— …даже кофе из их чашек расплещется, а вы обмочитесь, совсем как она когда-то…
— ПРЕКРАТИТЕ! — визжит Барри. — ПРЕКРАТИТЕ, ВЫ, ЧУДОВИЩЕ!
Но Генри уже завелся. Он не может остановиться. Он видит линию, а когда ее видишь, нельзя притвориться, будто она не существует.
— …если вовремя не очнетесь от того ядовитого сна, в котором пребываете…
Только Барри ничего не хочет слушать, абсолютно ничего. Он выбегает из комнаты, тряся необъятными ягодицами, и исчезает за дверью.
А Генри сидит, не двигаясь, прислушиваясь к топоту целого стада бизонов в облике всего одного человека. Барри Ньюмена. Вторая комната пуста: у него нет секретаря, и с бегством Барри трудовая неделя окончена. Что ж, все к лучшему. Ну и влип же он!
Генри подходит к дивану и ложится.
— Доктор, — говорит он, — я опарафинился по полной программе.
— Как это случилось, Генри?
— Сказал пациенту правду.
— Но разве истина не делает нас свободными, Генри?
— Нет, — отвечает он себе, глядя в потолок. — Ни в малейшей степени.
— Закрой глаза, Генри.
— Хорошо, доктор.
Он закрывает глаза. Комнату вытесняет мрак, и это хорошо. Тьма стала его подружкой. Завтра он встретится с остальными друзьями (по крайней мере с тремя), и свет вновь покажется добрым. Но сейчас… сейчас…
— Доктор?
— Да, Генри?
— Это типичный случай, именуемый «день другой, дерьмо все то же». Вам это известно?
— Что это значит, Генри? Что это значит для тебя?
— Все, — шепчет он, не открывая глаз, и тут же добавляет: — Ничего.
Но это вранье. И далеко не первое, сказанное им здесь.
Назавтра все четверо едут в «Дыру в стене», а впереди потрясные восемь дней. Великим охотничьим экспедициям грядет конец, хотя никто, разумеется, об этом не подозревает. До наступления настоящей тьмы еще несколько лет, но она близится.
Тьма близится.
Нам не дано знать, каким дням и событиям суждено изменить нашу жизнь. Может, это к лучшему. В день, который необратимо изменит его собственную, Джоунси сидит в своем кабинете на третьем этаже «Джон Джей колледж», глядя в окно на крохотный ломтик Бостона и думая о том, как не прав был Т. С. Эллиот, назвав апрель самым беспощадным месяцем, и всего лишь потому, что предположительно в апреле бродяга-плотник из Назарета угодил на крест за подстрекательство к мятежу. Всякий житель Бостона знает, что самый жестокий месяц — март, коварно дарящий несколько мгновений ложной надежды, чтобы потом подло швырнуть в лицо пригоршню дерьма. Сегодня один из таких, не внушающих доверия дней, когда кажется, что весна и впрямь посетила их суровый город, и Джоунси даже подумывает пройтись немного, когда разберется с одной неприятностью… вернее, пакостью. Конечно, в эту секунду он не представляет, чем обернется сегодняшняя погода, и понятия не имеет, что к вечеру окажется в больничной палате, искалеченный, окровавленный и отчаянно сражающийся за собственную проклятую жизнь.

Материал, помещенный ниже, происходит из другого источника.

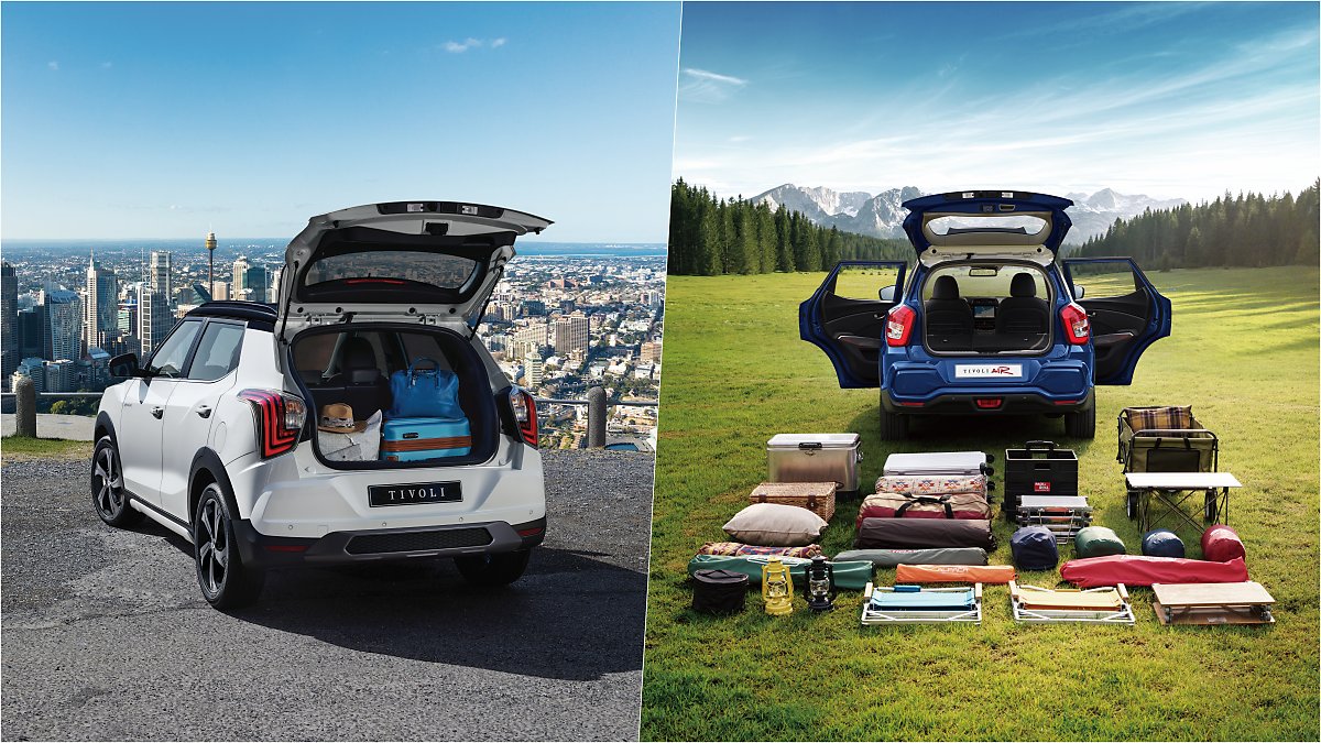 더 뉴 티볼리 에어는 준중형 SUV 수준의 넓은 적재 공간을 갖추었다고 볼 수 있는데요, 2열폴딩시 1천440ℓ의 러기지 공간과 최대 1천879mm의 길이가 됩니다. 따라서 캠핑은 물론 차박 등 아웃도어활동에도 안성맞춤이라는 평가입니다.
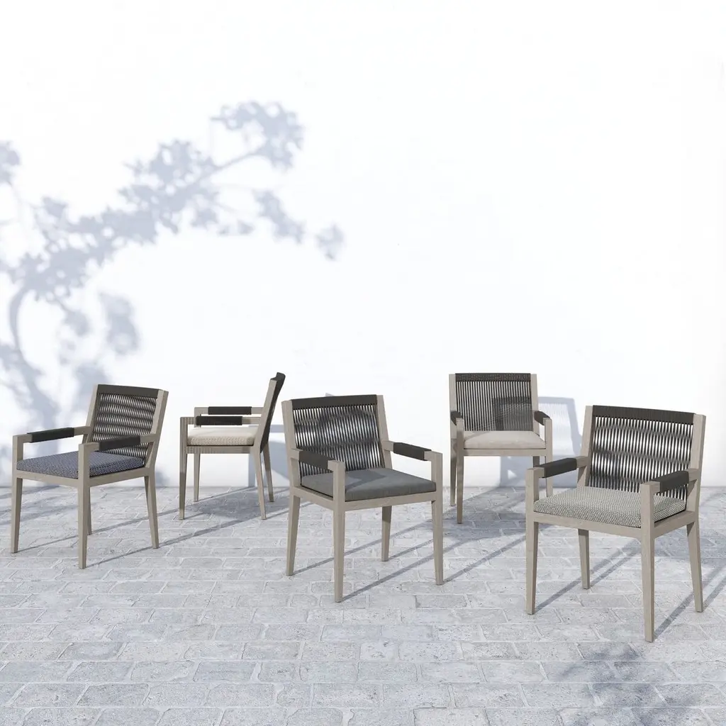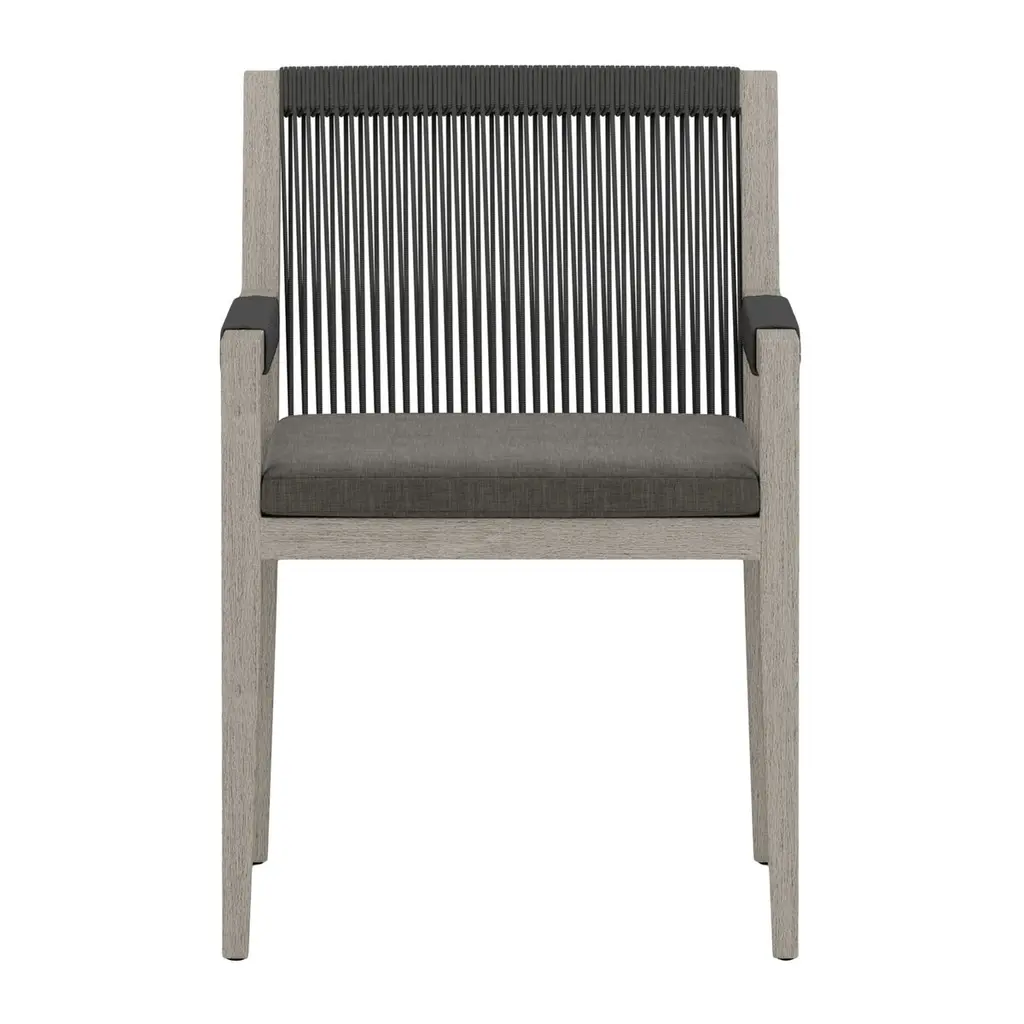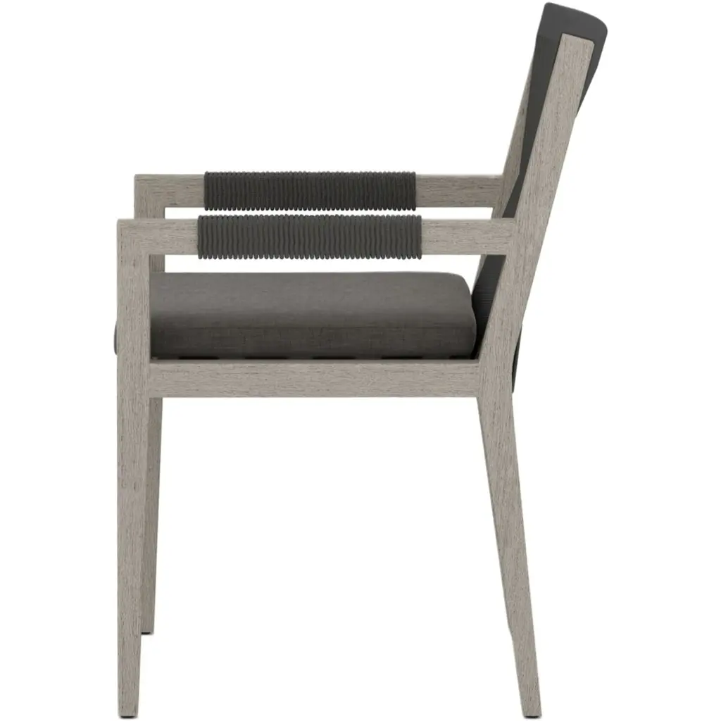 Modern materials craft a stylish silhouette for outdoor dining. Teak forms a clean frame for UV-resistant and water-repellent Sunproof fabric, ensuring durability and comfort. This chair is designed to withstand the elements, though it is recommended to cover or store indoors during inclement weather. Enhance your outdoor dining experience with this elegantly designed armchair.

День другой, дерьмо все то же, думает он, но на поверку дерьмо тоже оказывается другим.
Но тут звонит телефон, и он хватает трубку, исполненный робкого радостного предчувствия: это наверняка мальчишка Дефаньяк, попросит отменить одиннадцатичасовую встречу.
Должно быть, чует кошка, чье мясо съела, думает Джоунси. Что ж, вполне возможно. Обычно это студенты добиваются встречи с преподавателем. Когда же парню сообщается, что преподаватель хочет видеть его… не нужно быть ясновидящим, чтобы понять, куда ветер дует.
— Алло, Джоунс у телефона, — бросает он в трубку.
— Привет, Джоунси, как жизнь?
Он узнал бы этот голос где угодно.
— Генри! Эй, Генри! Прекрасна, жизнь прекрасна!
По правде говоря, это не совсем так, вернее, далеко не так, особенно при мысли о скором появлении Дефаньяка, но все относительно, не так ли? По сравнению с тем, где он окажется через двенадцать часов, пришпиленный к попискивающим, гудящим, позвякивающим аппаратам: одна операция позади и три еще ждут… Джоунси сильно приукрашивает действительность, или, попросту говоря, бздит сквозь шелк. Высокопарно выражаясь, делает хорошую мину при плохой игре.
— Рад это слышать.
Должно быть, он расслышал невеселые нотки в голосе Генри, но скорее всего просто чувствует подобные вещи.
— Генри? Что стряслось?
Молчание. Джоунси хочет было снова спросить, но Генри все же отвечает:
— Мой пациент умер вчера. Я увидел заметку в газете. Барри Ньюмен его звали.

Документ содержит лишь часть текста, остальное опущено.